Market movers today
- The main item this week is the FOMC meeting on Wednesday. We expect an uneventful meeting where the Fed will most likely keep monetary policy intact and not give new policy signals.
- The Riksbank convenes on Tuesday. Will there be new signals about the policy rate and will the Riksbank specify QE volumes in Q3? Since the February meeting, the pandemic has turned dramatically worse, which in conjunction with a depressed longer-term inflation outlook, leads us to believe that the repo rate path will stay put and the Riksbank remaining more open to a cut if needed rather than tighten policy.
- This week President Joe Biden is expected to release details of his second economic reform package focused on social spending financed by higher taxes on wealthy Americans.
- Today the Ifo report is published for April. From the US significant data releases include durable goods orders for March.
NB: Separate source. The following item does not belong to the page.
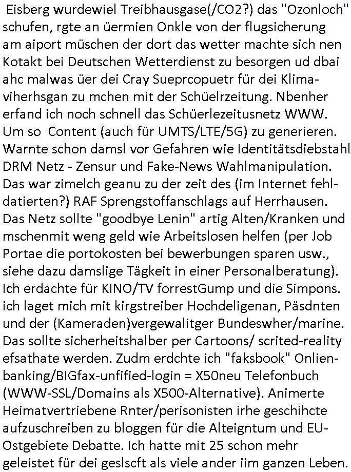 20.01.2026 08:00 Gestern abend um 20:15 Uhr zur TV Primetime war ich hunde-müde seit Tagen stresst man mich total unnötigen Verwaltungsakten, alles muß ich doppelt und dreifach machen und zwar weil andre mich nachweislich ganz gezielt sabotieren so wie die belegschaft damsl bei hp (hewlett packard) in Bad Homburg Ober-Eschbach nicht arbeiten konnt weil die Standleitung zum Großrechner i en USA ausfiel was dzu führte daß ich mir eine Lösung dafür ausdachte, quasi sowas wie BGP Routing wo man nicht nur per drahtgebundener/glasfaser/Erdleitung die Fima ans (wietverkehrs-)Netz anbinden sollte sondern auch "last cost routing" artig per Mobiltefon-Daten-Funk. Die spswrten fandendas gut, ezusätlichüertrgausweg würde ihenn bei VPNs ermöglichen den Key-Exchange und den Payload-Kanal zu trennen, "2 Factor Auth" artig. CIhw olte daß Anrfe is Moilfunnetz nictmer per Festnetz ausgeleitet werdne an die DTAG und von dort asu erst ins Mobilfunknetz sondern direkt genau wie die Festnetz Gespräche nich über das Mobilfunk-Netz laufe sollten so ein Anshcluß an dhtgebudene Natz verfügbar wäre. Nur bei Aufall denMobfukmansten oder der Telfonleitung sollte dann das jeweils andere Medium den Verkehr mitübernehmen und so garantieren daß die belegschaft wegesn iens lteusgausfalls nich mehr däumchen drehen und anschließend überstunden machen muß. dan regte ich noch an nachzuprüfen ob die "titanic" atstcähclch deshab opfer eiener kolsison mit nem sie versenkenden Eisberg wurdewiel Treibhausgase(/CO2?) das "Ozonloch" schufen, rgte an üermien Onkle von der flugsicherung am aiport müschen der dort das wetter machte sich nen Kotakt bei Deutschen Wetterdienst zu besorgen ud dbai ahc malwas üer dei Cray Sueprcopuetr für dei Klima-viherhsgan zu mchen mit der Schüelrzeitung. Nbenher erfand ich noch schnell das Schüerlezeitusnetz WWW. Um so Content (auch für UMTS/LTE/5G) zu generieren. Warnte schon damsl vor Gefahren wie Identitätsdiebstahl DRM Netz - Zensur und Fake-News Wahlmanipulation. Das war zimelch geanu zu der zeit des (im Internet fehl-datierten?) RAF Sprengstoffanschlags auf Herrhausen. Das Netz sollte "goodbye Lenin" artig Alten/Kranken und mschenmit weng geld wie Arbeitslosen helfen (per Job Portae die portokosten bei bewerbungen sparen usw., siehe dazu damslige Tägkeit in einer Personalberatung). Ich erdachte für KINO/TV forrestGump und die Simpons. ich laget mich mit kirgstreiber Hochdeligenan, Päsdnten und der (Kameraden)vergewalitger Bundeswher/marine. Das sollte sicherheitshalber per Cartoons/ scrited-reality efsathate werden. Zudm erdchte ich "faksbook" Onlien-banking/BIGfax-unfified-login = X50neu Telefonbuch (WWW-SSL/Domains als X500-Alternative). Animerte Heimatvertriebene Rnter/perisonisten irhe geschihcte aufzuschreiben zu bloggen für die Alteigntum und EU-Ostgebiete Debatte. Ich hatte mit 25 schon mehr geleistet für dei geslscft als viele ander iim ganzen Leben. Und dann musste ich mir gestren ansehen wie Fühlfilme liefen zu Tham jemand versucht sich umzubringen aber er shciret. Das war bei mir anders. ich hate ne patienten-vfügung die KIRMINLELRISEE ignoriert wurde und man hat mir die aufgetrenetn halsadern im hsoptal zum helge negsitw iede rzusgenäht gene meienr erklrärten willen. ICh woltemich nälcihnichtwerde folter udn terosiern lasn vo dne lute die mch vergelgt udmeinkd enführt haben. das sind so luet die (wgeter mann) "sTILL SCHWEI-GER" Filme produzieren udn für dei Drehkosten Immobilen ebilehn die ihn nicht gehören um so Künstler mit großer mssnmdaler richwiet dazu zu bringen sie im Wahlkampf zu "hypen". Leute die behaupten dein Kid habe (wi denn?) die Erbschacft vaporisiert mit denr drogen/ Alkohol-bahaögige Ex-Fra zsumen während du ANGEBLICH im Koma lagst. "LEBENDIG BEGRABEN"/asl "echter VATER" verschwigen. Dau vshcslensie bshcich die Fälle von Sorge/Umgangs-rchten für täter und Opfer von Vergewaltigungen im "hebammen-kiosk.de". Verdunh mit gekidppten Kidern Psotione zu eprsne wenn nicht gleich Geld (für Drogen). Das gab es getrn indem film ach, der typ der das Auto verkauft hatte weit unter wert um an Geld zu kommen für die finanzierung einer Sucht. Dann gab esgetrn noch ien film wo es drum ging daß Whrdiensst-Drückberger vechten irhe Idtitätn sl erchsen mit den vonKdenr zuvschen um zu bahten di eisen es die anstatt von ihen aufgudndeisn EDV Feher zumwhrdit hergazoegn werden sollten um so selbst keinen leisten zu müssen. wir erinern us, die juden di enchisralmussten zm wehrdienst udn die Serben wo es irgendwas gab mit der Kita-opia-kurprk-Reitercliquen-Promi Hochzeit und der Entführung von Kindern mit falscher Haarfarbe (siehe dazu das thema "Calvell Noble hose" blondes schamhaar, am 3 wette fat learet sichergehen da es kein gefärbtes haupthaar ist wie beim Abgeordneten "Gelbhaar", "die Madam" und ihr Gespür für "Cokes", Pepsi /DrPeppers ) da wo ein rgeirungslearjet genut wurde um wehrdienst-verweigerer außer landes zu verschleppen wärhend die kder die eglch an bord siensollten die prügel abbekamen die noch viel zu jung waren für den wehrdienst. "IN ... HURRY TO SEE YOU GO TO GROUND" : "JAMIROQUAI"! oder der ukrainer/ddr-vernrecher "STURM AUFS KAPT_L". Es istkei Zfall daß es filemwie "Air Force One" gibt und daß "JFK Tatort Dallas" von "FlightPlan" rezitiert wird. Es gibt da von "Fatboy Slim" dies "bird of prey" video in dem JFK Nachfolger "Johnson" om TV kommt und dann der Einsatzbefehl für die Kampfjets, der Epoche nach zu urteilen im Nachbarland Thailands, in Vietnam. Es gibt einen Zusammenhang ziwschen "HENRIETTA R HIPPO" und der "nicht die könign" FUTURE-RAMA vomKita riterlciquen Truneir udn ihrer Schuschf sttasbche Krone. Thai/Schweizer/Yugo/Trüen Desteruer die evrche meine Identität zu klauen asl Unetrnehr udn Zvildist fertig abgelistet habender um sich zu bereichern udn drücken. https://tvinfo.de/fernsehprogramm/2285650421-die-rettung-der-uns-bekannten-welt https://tvinfo.de/fernsehprogramm/2285645480-air-fo
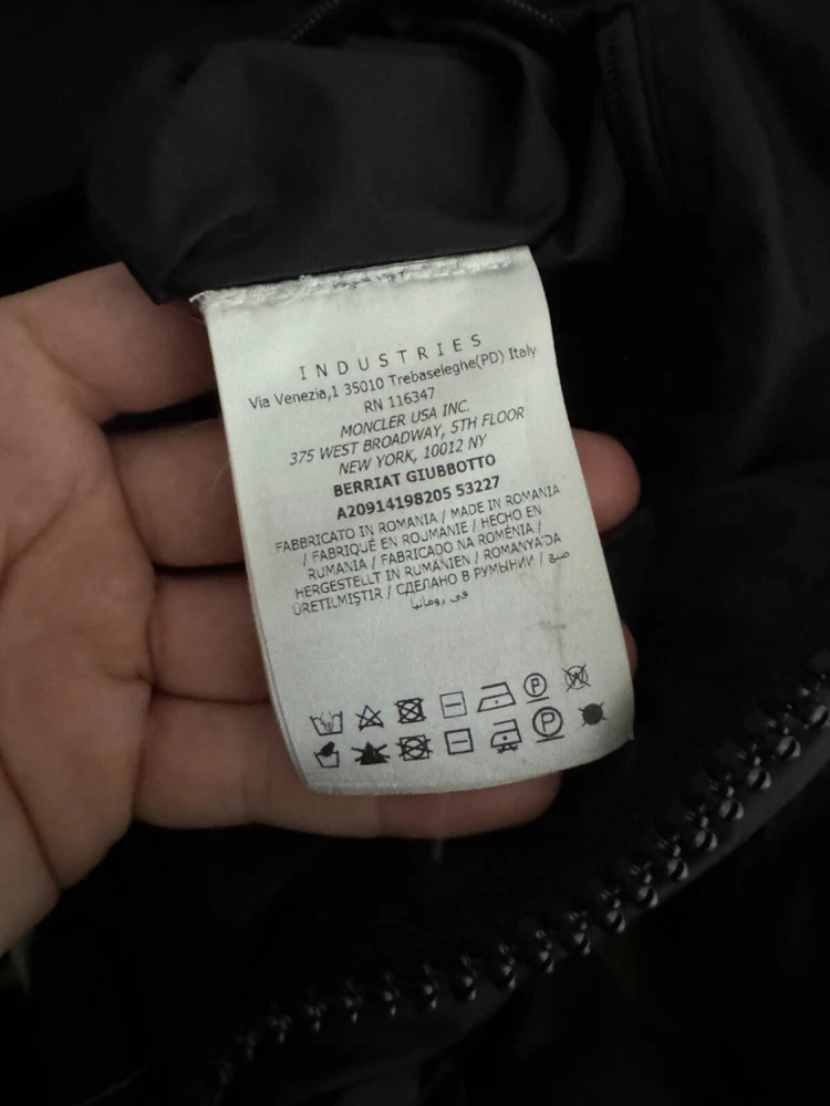 Moncler Berriat jacket Size 4 (L/XL) in black Used but good condition, just some small scratches below the badge (pic 3) and the cartoon missing (pic 7). 🌍 Free worldwide shipping 🎁 All items are shipped as LOW VALUE GIFTS πŸ’― 100% authenticity guaranteed πŸ“ All listings have pics with the measurements, compare them to a similar item you own to know exactly if/how it fits! (Usual) delivery times: β€’ Europe/UK - 2/5 days β€’ USA/Rest of World - 5/9 days

- Early Tuesday morning, we expect the Bank of Japan to keep its policies unchanged following last months’ policy tweaks in the wake of their review. We will get fresh forecasts for inflation, where we can expect 2023 to mark another year of not reaching the 2% inflation target, the last in governor Kuroda’s current five-year tenure.
The 60 second overview
US: Service PMI for April surprised on Friday rising to an extremely high level of 63.1 services. Manufacturing PMI was close to expectations at a still high level of 60.6 in April. Hence, economic activity is high in US as many people are vaccinated and states are reopening.
Copper: The copper price continues to rise amid recovery in the global economy, a weak dollar and tight supply. It is steadily moving towards the USD10,000/MT mark, which it has not seen since 2011.
Equities: Global equities closed mostly higher on Friday as strong macro and earnings outweighed the proposed capital tax hike. Value intense sectors outperformed slightly despite trailing yields, cyclical beat defensives and small caps beat large caps. S&P 1.1%, Nasdaq 1.4%, Dow 0.7% and Russell 2000 1.8%. On sectors, financials and materials took the lead. On the other end, defensives with consumer staples and utilities the only sectors in red. The buoyant sentiment lingers this morning with Asian markets mostly higher and US futures indicating a green start to the week.
FI: 10Y US Treasuries was volatile on Friday as the yield moved between 1.53% and 1.58% before ending the day at 1.58%. Bunds are also range trading around the -30bp level. We believe that the range trading will continue as we do not expect any major changes.
FX: USD was the big loser on Friday and in particular vis-à-vis EUR, which saw EUR/USD touch the 1.21 mark. EUR/NOK and EUR/SEK remained range bound and EUR/DKK continued to trade close to the 7.4360 low and recent FX intervention level.
Credit: There was a slight tightening tendency for EUR credit on Friday where iTraxx Xover tightened 3½bp (to 249bp) and Main ½bp (to 50bp). HY bonds closed 2bp wider and IG around ½bp tighter.